The Psychology of Conversational AI Blog

Learn more about how psychology and dialog design work together. In this blog, I write about observations from the last years of my professional experience and recent studies on the topic.

Please note that the articles are based on my professional opinion and are not a conclusive scientific consideration of these issues. As in any other field of psychological research, there are always studies that reach different conclusions, also depending on the measured variables, their operationalization and their weighting for the interpretation of the results.

Should a digital assistant be humorous?
Humor is an important conversational tool and a highly valued social trait.

👉 The majority of people prefer to surround themselves with humorous people than with others – this applies to friends and also to romantic partners.
👉 Humor is a social lubricant. It helps build and maintain relationships and facilitates interactions. It is also used in groups to strengthen social bonds and counteract stress, for example.

We can also see how positively humor affects us by the extent to which it is used in advertising. It is estimated that 30-42% of all advertisements contain humor.

Results of many studies show that people develop a positive attitude towards humorous advertising content and towards the brand names advertised in this way.

It is also interesting to note that the decision to buy a product can be positively influenced by the mere association with humor. In one study, for example, participants were more likely to want to buy products advertised near funny cartoons than those advertised near neutral cartoons.

❓What does all this mean for the design of conversational AI?

We know that a digital assistant is evaluated more positively when it is designed to be human-like. However, this effect turns negative when the assistant acts too human-like (uncanny valley effect).

The ability to develop and understand humor is a special feature of the human species. Therefore, we shouldn’t overdo it with the use of humor when designing a digital assistant. However, humor has indeed been found to have a positive effect on how users perceive digital assistants:

👉 In computer systems in which tasks might be long and boring, humor can be used to maintain long-term interactions and alleviate boredom (McTear et al., 2016).
👉 A chatbot that is humorous might encourage more positive involvement and increase whether humans perceive it as being emotionally intelligent (Dybala et al., 2009).
👉 In a study participants found the use of emojis to be a great way to add humor and emotions to the conversation. They also stated that it helped communicate the chatbots personality regarding which emojis it used, and how frequently.
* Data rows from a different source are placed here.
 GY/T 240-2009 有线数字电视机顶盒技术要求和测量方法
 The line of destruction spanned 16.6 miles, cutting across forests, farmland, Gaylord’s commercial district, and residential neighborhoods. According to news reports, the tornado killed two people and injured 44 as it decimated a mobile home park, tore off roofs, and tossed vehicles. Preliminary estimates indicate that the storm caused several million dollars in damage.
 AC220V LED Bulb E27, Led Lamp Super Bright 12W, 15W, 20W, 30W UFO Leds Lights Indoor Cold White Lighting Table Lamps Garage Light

Dybala, P., Ptaszynski, M., Rzepka, R., & Araki, K. (2009, May). Humoroids: conversational agents that induce positive emotions with humor. In AAMAS’09 Proceedings of The 8th International Conference on Autonomous Agents and Multiagent Systems (Vol. 2, pp. 1171-1172). ACM.
McTear, M., Callejas, Z., & Griol, D. The conversational interface: talking to smart devices (2016).
Röhner, J. & Schütz, A. (2020). Psychologie der Kommunikation. Wiesbaden: Springer VS.

: ) or ^_^ ?
Which of these emoticon styles would you rather choose to express joy?
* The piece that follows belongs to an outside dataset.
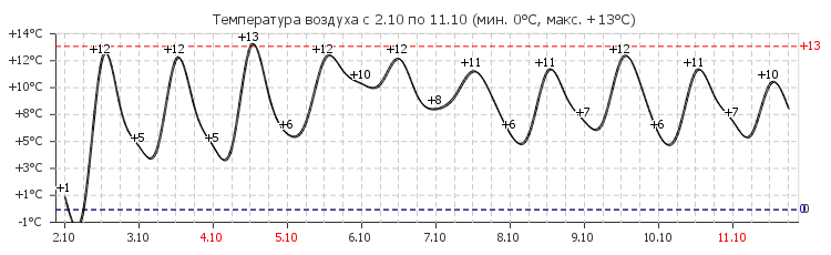 день +10°C, небольшой дождь, пасмурно, ветер Южный,2 м/с, влажность 77%
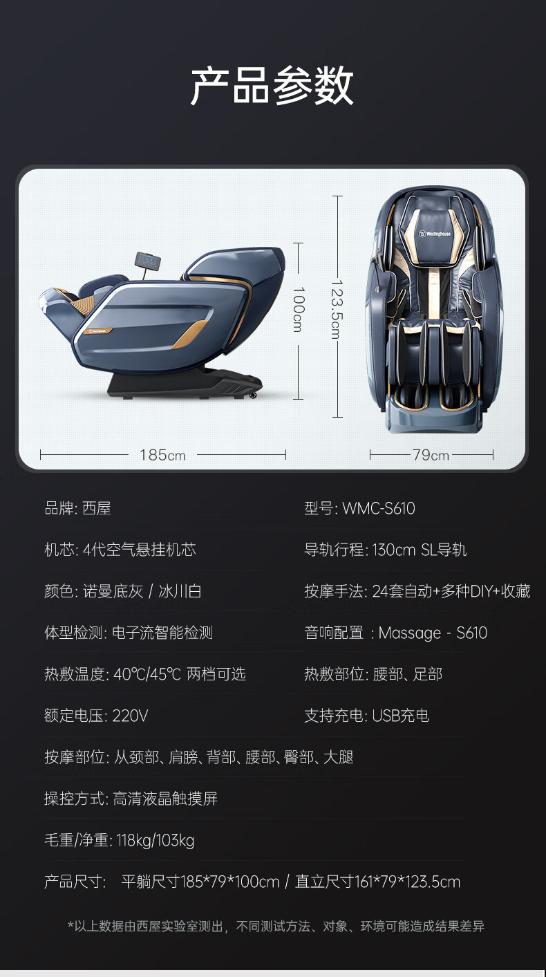 西屋(Westinghouse) WMC-S610 腰部热敷 上班族适用 按摩椅 诺曼底灰(单位:台)

If you prefer the horizontal style, (like :O for a surprise) then chances are you are from a western culture.
👉 In western cultures, where people are used to reading horizontally from left to right, the horizontal style dominates, in which the eyes are shown first and then the mouth in the sequence from left to right.
👉 In eastern cultures, where people are used to reading from top to bottom, the vertical style dominates, where the eyes are shown above the mouth (Park et al., 2013).

Sadness in the
👉 horizontal style : (
👉 and in the vertical style T_T

It also differs which part of the emoticon indicates the meaning. In the vertical style, the meaning is indicated by the shape of the eyes, and in the horizontal style, it is indicated by the shape of the mouth.
It is also interesting in this context that the use of styles depends less on where a person lives geographically than on which language he or she predominantly speaks. In Indonesia, for example, the predominant language spoken is English and those living there use the horizontal emoticon style accordingly.

Why is this interesting for conversational ai?

Over the last few years, I have conducted many studies in different markets to validate dialog progressions and prompts, and also to understand how what kind of information should be weighted within a dialog in which market.
👉The influence of different cultures on the perception of speech interactions should not be underestimated, but is often not really considered when designing conversational AI.

Park, J., Barash, V., Fink, C., & Cha, M. (2013). Emoticon style: Interpreting differences in emoticons across cultures. In Proceedings of the International AAAI Conference on Web and Social Media (Vol. 7, No. 1, pp. 466-475).

How do our questions influence response behavior?

Depending on the type of question we use, we receive responses of varying detail. E.g., open questions, closed questions or leading questions.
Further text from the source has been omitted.